**EXERCISE DATA**

···

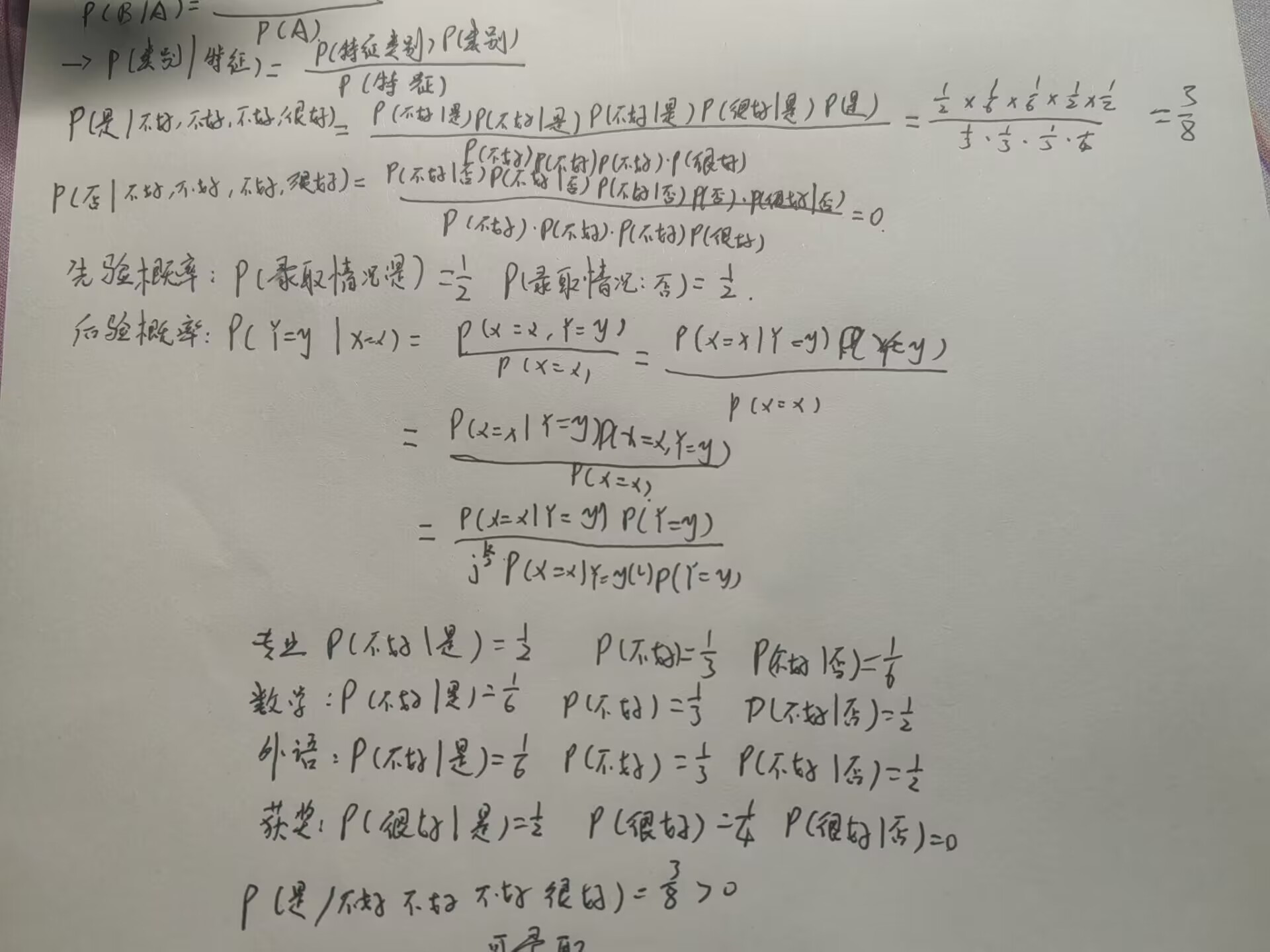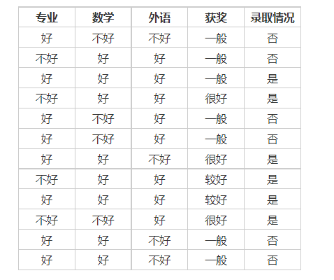 1.下表中是某大学一位研究生导师带过的硕士研究生录取情况表,根据该表建立朴素贝叶斯模型,现有一名上线考生想报考该导师,考生的特点是专业、数学和外语都不好,获奖情况很好,请你判断该生能否被录取。
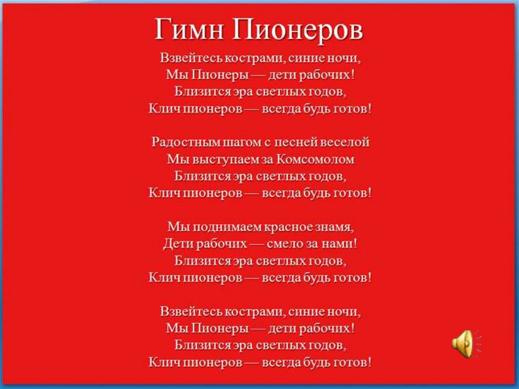С пионерею всею в строю.
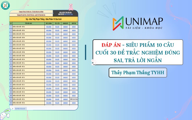 Đáp Án – Siêu Phẩm 10 Câu Cuối 30 Đề Trắc Nghiệm Đúng Sai, Trả Lời Ngắn (Thầy Phạm Thắng TYHH)
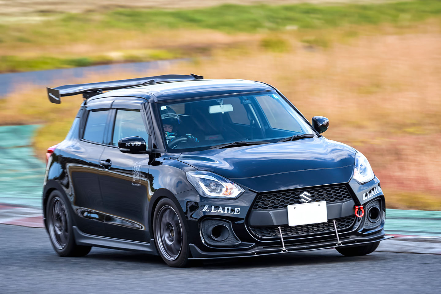 「純正形状らしく柔らかめでロールは大きいけど、コーナーで荷重をかけてもリヤの内輪が浮かず、しっかり接地する。だから安心して踏んでいける。硬い足のスイフトで感じるような怖さがない。サーキットでも十分楽しめるし、想像以上に速く走れるよ。ストリートでの乗り心地も良好。不快な突き上げがなく、普通に使える。これなら奥さんや子供にも気づかれないんじゃないかな(笑)」。

···

**WHAT THE TASK REQUIRES**
Give again, word for word, only the lines from the line containing "С пионерею всею в строю." through the last line above, both included; leave the pictures out.

**SOLUTION TO THIS TASK**
С пионерею всею в строю.
 Đáp Án – Siêu Phẩm 10 Câu Cuối 30 Đề Trắc Nghiệm Đúng Sai, Trả Lời Ngắn (Thầy Phạm Thắng TYHH)
 「純正形状らしく柔らかめでロールは大きいけど、コーナーで荷重をかけてもリヤの内輪が浮かず、しっかり接地する。だから安心して踏んでいける。硬い足のスイフトで感じるような怖さがない。サーキットでも十分楽しめるし、想像以上に速く走れるよ。ストリートでの乗り心地も良好。不快な突き上げがなく、普通に使える。これなら奥さんや子供にも気づかれないんじゃないかな(笑)」。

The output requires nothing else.